More recently, studies on embedding continuous fiber in the plastic materials are realized mainly using fused deposition modeling (FDM) for different applications [20, 21, 22, 23, 24, 25, 26, 27]. Yao et al. have investigated embedding carbon fiber tows which provided a tensile strength increase of 70% and flexural strength increase of 18.7% compared to non-reinforced specimens. As seen in Figure 8, an artificial hand printed by FDM with embedded carbon fibers is manufactured as a demonstration part [20]. Dickson et al. have utilized a Mark One 3D printer in order to reinforce glass, carbon, and Kevlar fibers into nylon material (see Figure 9). For each of the printed composites relative to that obtained for the nylon samples with no reinforcement, up to a 6.3- and 5-fold enhancement in the tensile and flexural strengths were obtained, respectively, and the fiber type superior to others was observed to be carbon fiber [21]. Some studies did not only look into material but also equipment development as is the case with [22].

Figure 8.

(a) Test specimen geometries per ISO 527-4:1997 for tensile and ISO 14125:1998 for flexural tests and (b) demonstration part [20].

Figure 9.

Schematic description of the process (left) and produced specimens with different types of reinforcement fibers (right) [21].

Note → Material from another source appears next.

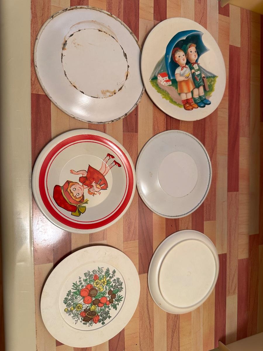 Some of the tea sets are metal and the others are plastic.

Gardner et al. have investigated reinforcing ULTEM® material with carbon nano-yarn filaments leading to better tensile and electrical conductivity properties (see Figure 10) [22]. Rather than FDM or selective laser sintering, some new techniques are proposed by some researchers. For example, Parandoush et al. proposed a novel method for AM of fiber composites by using prepreg composite. A laser is used to heat successive layers of prepreg tapes, and a compaction roller is utilized to bond these layers (see Figure 11) [23]. Moreover, Tian et al. also proposed a new methodology for continuous fiber reinforcement in AM (see Figure 12 for schematic demonstration of the process). In their study, the influence of process parameters on the interfaces and performance of printed composites have been investigated. With the optimized parameters, a fiber content of about 27% could achieve the maximum flexural strength of 335 MPa and flexural modulus of 30 GPa [24].

Figure 10.

Samples produced: (a) Uniaxial CNT yarn filament layer (b) embedded electrical signal (c) at higher magnification (d) Letters nAno printed (e) printed thin walls (f) at higher magnification [22].

Figure 11.

Schematic demonstration of the process [23].

Figure 12.

(a) Equipment for 3D printing for CFR PLA composites (b) Schematic printing process [24].

A similar technology is presented by Matsuzaki in [25], while another study conducted by Matsuzaki et al. [26] reports a very significant mechanical improvement by reinforcing continuous carbon fibers by FDM. Their results show that the tensile modulus and strength of 3D-printed continuous carbon fiber-reinforced PLA composites are 19.5 ± 2.08 GPa and 185.2 ± 24.6 MPa, respectively, which are 599 and 435% of the tensile modulus and strength of the pure PLA specimens. This mechanical improvement is much larger compared to that of short fiber-reinforced PLA composites [25]. Table 3 gives a summary of studies involving continuous fiber reinforcement by FDM technology.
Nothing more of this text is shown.